-- WHAT TO DO --
With the pictures excluded, retype the records that follow exactly.

-- DATA RECORDS --
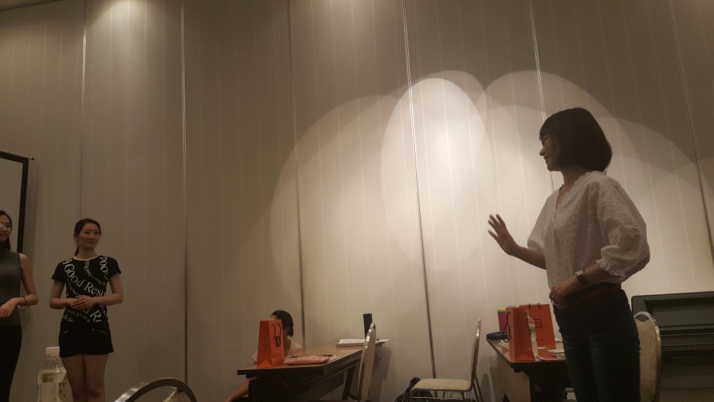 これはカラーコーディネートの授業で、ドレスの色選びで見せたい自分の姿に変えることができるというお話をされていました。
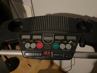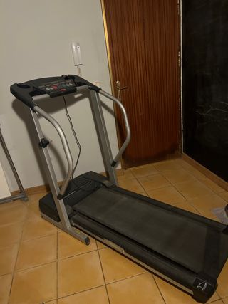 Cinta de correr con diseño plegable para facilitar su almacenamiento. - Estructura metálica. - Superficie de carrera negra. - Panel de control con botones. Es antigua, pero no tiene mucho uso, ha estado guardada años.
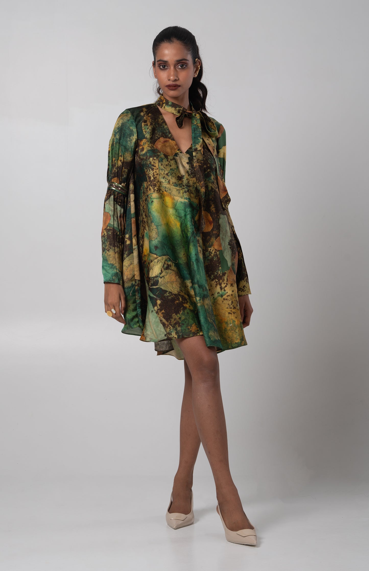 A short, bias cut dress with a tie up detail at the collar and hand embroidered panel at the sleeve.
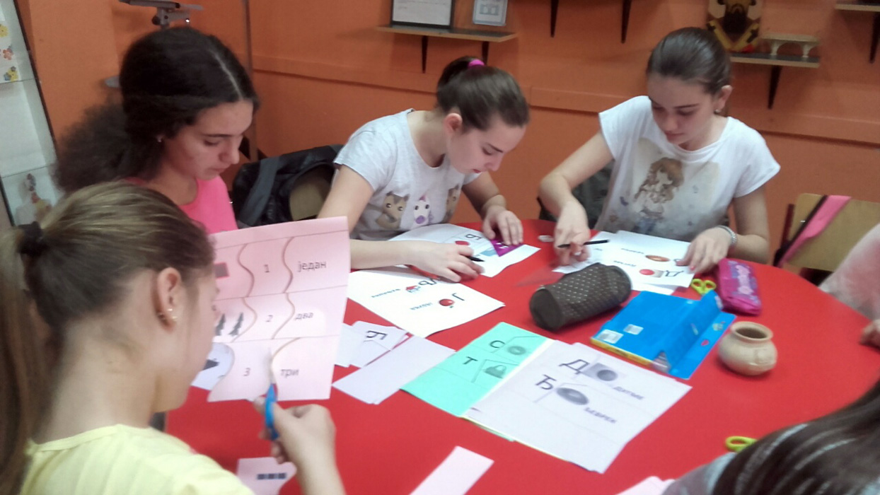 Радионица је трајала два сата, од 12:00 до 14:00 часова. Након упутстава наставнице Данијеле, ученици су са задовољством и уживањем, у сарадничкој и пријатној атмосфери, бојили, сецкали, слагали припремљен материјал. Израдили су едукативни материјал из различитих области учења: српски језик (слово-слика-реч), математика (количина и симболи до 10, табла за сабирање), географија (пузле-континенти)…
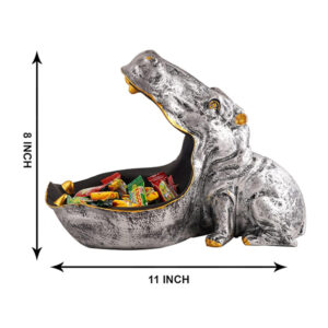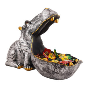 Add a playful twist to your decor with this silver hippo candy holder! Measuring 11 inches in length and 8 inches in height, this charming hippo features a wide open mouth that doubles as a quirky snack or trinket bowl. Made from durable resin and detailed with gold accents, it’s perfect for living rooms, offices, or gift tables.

-- ANSWER SPACE --
 これはカラーコーディネートの授業で、ドレスの色選びで見せたい自分の姿に変えることができるというお話をされていました。
 Cinta de correr con diseño plegable para facilitar su almacenamiento. - Estructura metálica. - Superficie de carrera negra. - Panel de control con botones. Es antigua, pero no tiene mucho uso, ha estado guardada años.
 A short, bias cut dress with a tie up detail at the collar and hand embroidered panel at the sleeve.
 Радионица је трајала два сата, од 12:00 до 14:00 часова. Након упутстава наставнице Данијеле, ученици су са задовољством и уживањем, у сарадничкој и пријатној атмосфери, бојили, сецкали, слагали припремљен материјал. Израдили су едукативни материјал из различитих области учења: српски језик (слово-слика-реч), математика (количина и симболи до 10, табла за сабирање), географија (пузле-континенти)…
 Add a playful twist to your decor with this silver hippo candy holder! Measuring 11 inches in length and 8 inches in height, this charming hippo features a wide open mouth that doubles as a quirky snack or trinket bowl. Made from durable resin and detailed with gold accents, it’s perfect for living rooms, offices, or gift tables.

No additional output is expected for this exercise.